Kıtlık aynı zamanda yasadışı faaliyetleri de beraberinde getiriyor: Mexico City'nin kuzeyindeki Ecatepec'te, bölge sakinlerine su satmak için gizli sistemler ortaya çıkarken, Amerika Birleşik Devletleri sınırındaki Sonora'da Yaqui kabilesi, nehirlerinin kuruduğundan ve resmi projelerin vaatlerini yerine getirmediğinden şikayet ediyor. Hükümet teknolojik ve arıtma programları başlatmış olsa da, tahminler 2030 yılına kadar kişi başına ortalama yıllık su mevcudiyetinin 1960 yılına göre üç kat daha az, yani 3.000 metreküpün altına düşeceğini gösteriyor.

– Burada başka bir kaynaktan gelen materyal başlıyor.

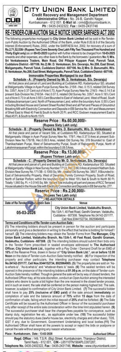Contact Telephone No.04142-251177, Cell Nos. 9344152734, 8925964905

Bölgesel değerlendirmeler çok çarpıcı. Latin Amerika ve Karayipler mutlak bir su kıtlığı sorunuyla karşı karşıya değil; daha ziyade kötü yönetim, eşitsizlik, çevresel bozulma ve iklim değişikliğine karşı kırılganlık sorunuyla karşı karşıya.
Genel bir kural olarak, kuraklıklar bölgedeki çoğu ülkede daha şiddetli ve tekrarlayıcı hale geliyor; eskiyen ve sızdıran altyapı yaygın bir faktör; eşitsiz dağılım, kırsal ve yerli toplulukların aleyhine olacak şekilde turizm, sanayi ve tarımsal ihracat gibi sektörleri destekliyor; ve hükümetler, projelerin durması, koordinasyon eksikliği ve zayıf yönetişimle tepki vermekte yavaş kalıyor.
Bölge bir paradoksun içinde sıkışmış olsa da, bu sorun kaçınılmaz bir kader değil. Bu GDA değerlendirmesi, çoğu durumda krizin iklim değişikliği ve kötü yönetimin bir birleşiminden kaynaklandığını ve bu birleşimin planlama, yatırım ve ekosistem koruma yoluyla hafifletilebileceğini gösteriyor.
Bataklıkları, ormanları ve buzulları korumak; sızıntıları onarmak, sanitasyona yatırım yapmak, yeraltı su kaynakları ve yağmur suyuyla kaynakları çeşitlendirmek ve toprak eşitliğini sağlamak temel adımlardır. Ancak her şeyden önce, suyu olduğu gibi anlamak gerekir: azınlığın ayrıcalığı değil, temel bir kamu yararı. Dünyanın en önemli kaynağına sahip, ancak bugün servetini eşitsiz bir şekilde dağıtan bir bölgenin geleceğini ancak bu şekilde değiştirebiliriz.